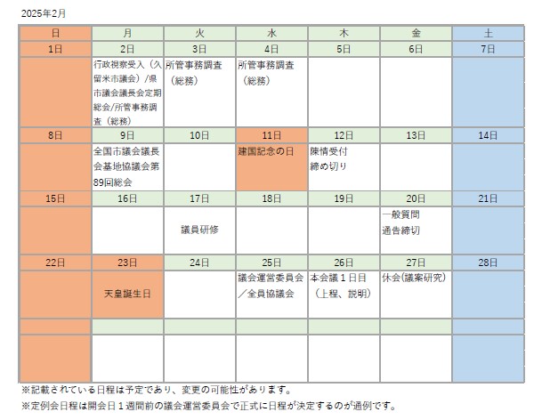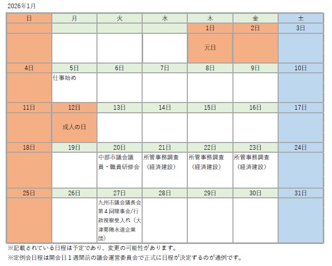宜野湾市議会カレンダー (令和7年12月25日 時点)
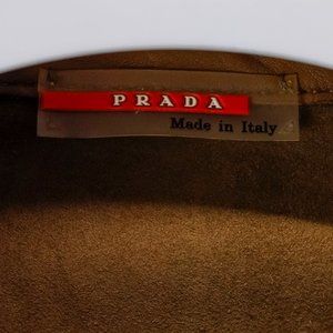 This vintage Prada suede biker jacket features ribbed panels wrapping the underarms, zippers along the sleeves, two breast pockets, two side pockets, a zippered front, and a snap button closure at the neck. The jacket’s interior collar is lined with leather and a leather trim runs down the shoulders.
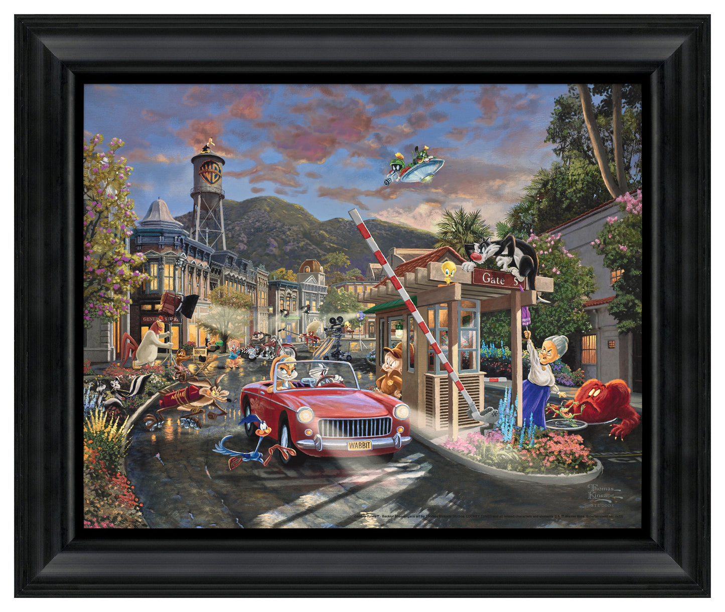 On a backlot in Burbank, California a classic Looney Tunes tale is being filmed. The intrepid director, Daffy Duck, has lined up the perfect shot with the help of lighting specialist, Foghorn Leghorn. Cameraman, Speedy Gonzales has a clear view of the Tasmanian Devil riding his motorcycle, and Yosemite Sam is catching all the wonderful sound effects. Perched on top of Gate 5, Tweety is wondering if he has seen the “Puddy Tat” Sylvester, while Granny is doing her very best to make sure that Tweety is always kept safe. Nearby, we find the Road Runner and Wile E. Coyote rehearsing a future scene for the film. Bugs Bunny has some time before he is needed back on set and is taking Lola Bunny for a quick spin in his classic red two-seater sports car. Meanwhile, stealthily approaching from above, Marvin the Martian and his trusty space dog K-9 plot how they can claim not only Burbank, but this planet in the name of Mars!
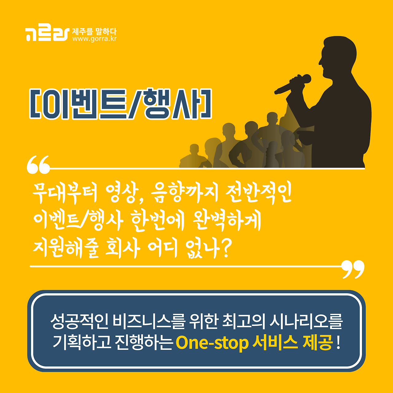 제주에서 SNS 마케팅, 홈페이지 제작, 행사·이벤트 기획 및 운영 교육을 원하실 땐? 언제나 열려있는 고르라 제주로 오세요~! 홈페이지를 확인하시면 각 부서별 프로젝트를 확인하실 수 있습니다.
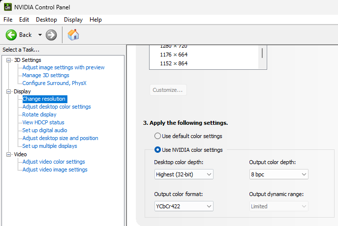 ☐ Set NVIDIA GPU to YCbCr422, Limited
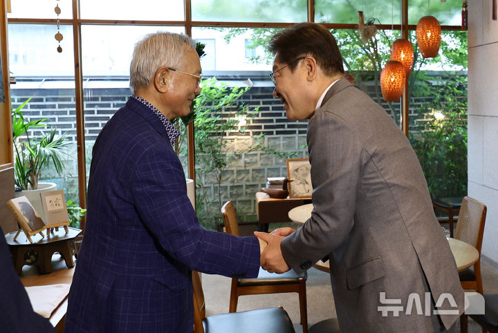 이재명 더불어민주당 대통령 후보가 22일 경남 양산시 소소서원에서 송기인 신부와 차담을 하고 있다.

___

The expected answer is an unaltered copy of the listing, images removed.

◆ Answer to the exercise
宜野湾市議会カレンダー (令和7年12月25日 時点)
 This vintage Prada suede biker jacket features ribbed panels wrapping the underarms, zippers along the sleeves, two breast pockets, two side pockets, a zippered front, and a snap button closure at the neck. The jacket’s interior collar is lined with leather and a leather trim runs down the shoulders.
 On a backlot in Burbank, California a classic Looney Tunes tale is being filmed. The intrepid director, Daffy Duck, has lined up the perfect shot with the help of lighting specialist, Foghorn Leghorn. Cameraman, Speedy Gonzales has a clear view of the Tasmanian Devil riding his motorcycle, and Yosemite Sam is catching all the wonderful sound effects. Perched on top of Gate 5, Tweety is wondering if he has seen the “Puddy Tat” Sylvester, while Granny is doing her very best to make sure that Tweety is always kept safe. Nearby, we find the Road Runner and Wile E. Coyote rehearsing a future scene for the film. Bugs Bunny has some time before he is needed back on set and is taking Lola Bunny for a quick spin in his classic red two-seater sports car. Meanwhile, stealthily approaching from above, Marvin the Martian and his trusty space dog K-9 plot how they can claim not only Burbank, but this planet in the name of Mars!
 제주에서 SNS 마케팅, 홈페이지 제작, 행사·이벤트 기획 및 운영 교육을 원하실 땐? 언제나 열려있는 고르라 제주로 오세요~! 홈페이지를 확인하시면 각 부서별 프로젝트를 확인하실 수 있습니다.
 ☐ Set NVIDIA GPU to YCbCr422, Limited
 이재명 더불어민주당 대통령 후보가 22일 경남 양산시 소소서원에서 송기인 신부와 차담을 하고 있다.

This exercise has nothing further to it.